Some experts and insurers have also critiqued the formula used to calculate Risk Adjustment payments. Annually, CMS does adjust the formula to account for updated program information. For example, in the 2018 Payment Rule, the formula was changed to better account for partial-year enrollments and prescription drug utilization.
Where Are We Now? State Solutions and Federal Considerations
Ongoing litigation over Risk Corridor payments aside, insurers will enter 2018 with the federal Reinsurance and Risk Corridor programs ended. This leaves the markets with fewer risk mitigation protections as insurance pools continue to fluctuate and stabilize. Both federal and state governments have signaled interest in implementing new strategies that could help stabilize markets and mitigate risk.
In response to a June 8, 2017, RFI issued by CMS requesting ideas to stabilize markets, several states (Minnesota, Oregon, Washington, Kentucky, West Virginia, Vermont, and New York) suggested re-establishment or strengthening of some or all of the 3 Rs as federal programs. Major health reform bills considered by both the Senate and House over the summer included $182 billion and $100 billion respectively for long- and short-term stability funding so states could create their own market stabilization programs.
Meanwhile, some states are moving forward with implementation of their own risk programs. Alaska’s 1332 waiver, approved earlier this summer, grants federal support to a state reinsurance program and is expected to reduce premiums by 20 percent in 2018. Minnesota’s pending waiver application would lead to the implementation of a state-managed reinsurance program. Its program is estimated to reduce premiums by as much as 20 percent for some plans. Oregon’s yet-to-be-submitted draft 1332 application would similarly start a state reinsurance program.
While pursuing some efforts at the state-level, several states have stressed the importance of having federal programs manage risk, noting that unique budget constraints on states limits their capacity to guarantee adequate and/or long-term funding for these efforts.

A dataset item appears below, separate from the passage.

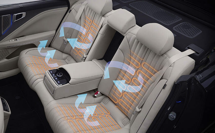여기에 수평 라인을 강조한 간접 조명이 세련되면서도 고급스러운 실내 분위기를 연출하는데요, 요즘 신차에서 필수적인 앰비언트 라이트가 적용된 더 뉴 K8은 중형 세단보다 넓은 실내 공간을 자랑하며, 1열과 2열 모두 넉넉한 착좌감과 편안함을 제공합니다. 특히, 뒷좌석에는 열선과 통풍 기능이 제공되며, 3존 공조 시스템이 적용되어 뒷좌석 승객도 온도 조절이 가능하여 패밀리 세단으로써의 활용성이 뛰어납니다. 추가로, 지난해 현대차 싼타페에서 처음 도입된 양문형 콘솔 암레스트에는 열선과 UV-C 살균 기능이 포함되어 있으며, 센터 콘솔 앞쪽에는 듀얼 스마트폰 무선 충전 시스템이 탑재되어 고급스러움과 함께 첨단 기술감을 더하고 있습니다.

This was noted in comments to CMS submitted by Minnesota, Oregon, Washington, West Virginia, and Vermont and most recently in a letter sent by 12 state-based exchange executives to the Senate’s Health Education Labor and Pensions (HELP) Committee, as well as a list of policy proposals submitted by a bipartisan group of Governors.
As Congress begins hearings on ACA, these risk concepts are expected to be on the radar for both federal and state policymakers. NASHP will continue to monitor as potential solutions emerge.